What is a Real Estate Syndication?
A real estate syndication consists of pooling investor money for the purchase of a specific property. Technically, you are still purchasing shares of the holding company, but for that specific property. Also, syndications are not publicly traded.
Although REITs and real estate syndications both offer passive returns on investments, they have distinct differences that set them apart from one another. Let's look at some of the major differences between REITs and real estate syndications.

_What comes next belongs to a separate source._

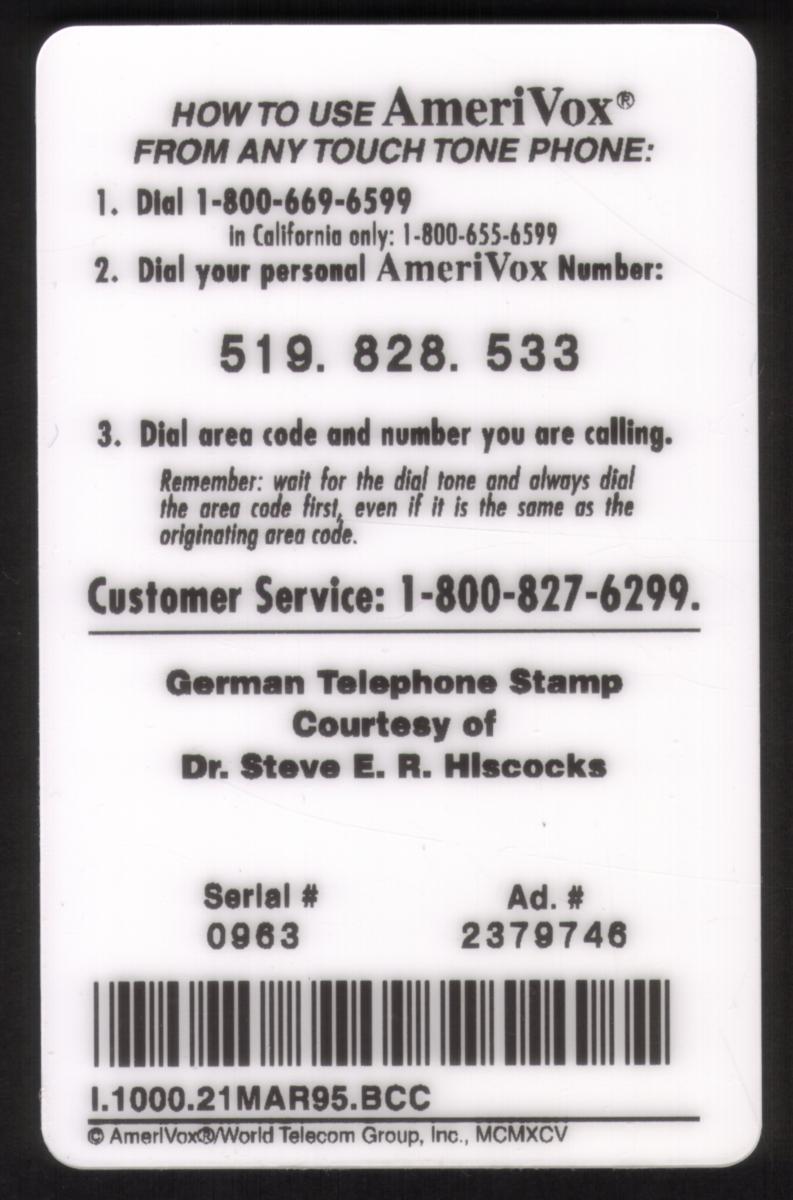 Since we have the world's largest inventory of USA phonecards for collectors, you will not necessarily receive the identical serial/batch/PIN number that we have scanned/pictured.

Capital Required to Invest
A major difference between REITs and real estate syndications is the amount of capital required to participate in a given opportunity. REIT shares can be found on the stock exchange for as low as a few dollars a share. Real estate syndications often have a minimum investment amount of $25K or more.
Access to Opportunities
As mentioned above, REITs can be found on the stock exchange, making them easy to find and invest in. In the majority of instances, real estate syndications fall under Regulation D, which can be accessed in 2 different ways. The first, a 506b offering, does not allow for advertising. The only way for an investor to gain access to this type of real estate syndication would require a pre-existing relationship with the syndication's sponsor. The second, a 506c, allows advertising but require investors to be accredited, which means they are only available to investors who meet specific financial requirements.
Ownership
Investing in REITs does not offer ownership in any specific properties. Instead, the ownership is in the form of shares in the REIT holding company itself, just like buying shares in any other publicly traded company such as Apple or Microsoft. On the other hand, investing in a real estate syndication gives investors ownership via the ownership entity for a specific property. (Again, the fund model in syndication is somewhat of a hybrid.)
Liquidity
REITs can be bought and sold at any time making it a liquid asset. Real estate syndications do not offer this same liquidity and have given hold periods written into the business plan, typically 3-5 years. During this hold period, an investors' money is tied up in the property.
Tax Benefits
Tax benefits are a driving factor for many real estate investors. REITs don't offer the same benefits that real estate syndications do. The money paid to investors from REITs is considered dividend income which leads to a bigger tax bill, whereas real estate syndications allow for taxable income reductions due to the asset's depreciation. That same depreciation is factored in prior to receiving dividends from REIT investments, so REITs do not offer the ability to offset your income at tax time like real estate syndications do.
Returns
Returns on any given investment will vary for a variety of reasons, including the type of asset, hold time, who invests, and the timing of the investment. That being said, after accounting for cash flow and sale proceeds, real estate syndications have historically provided higher returns than REITs.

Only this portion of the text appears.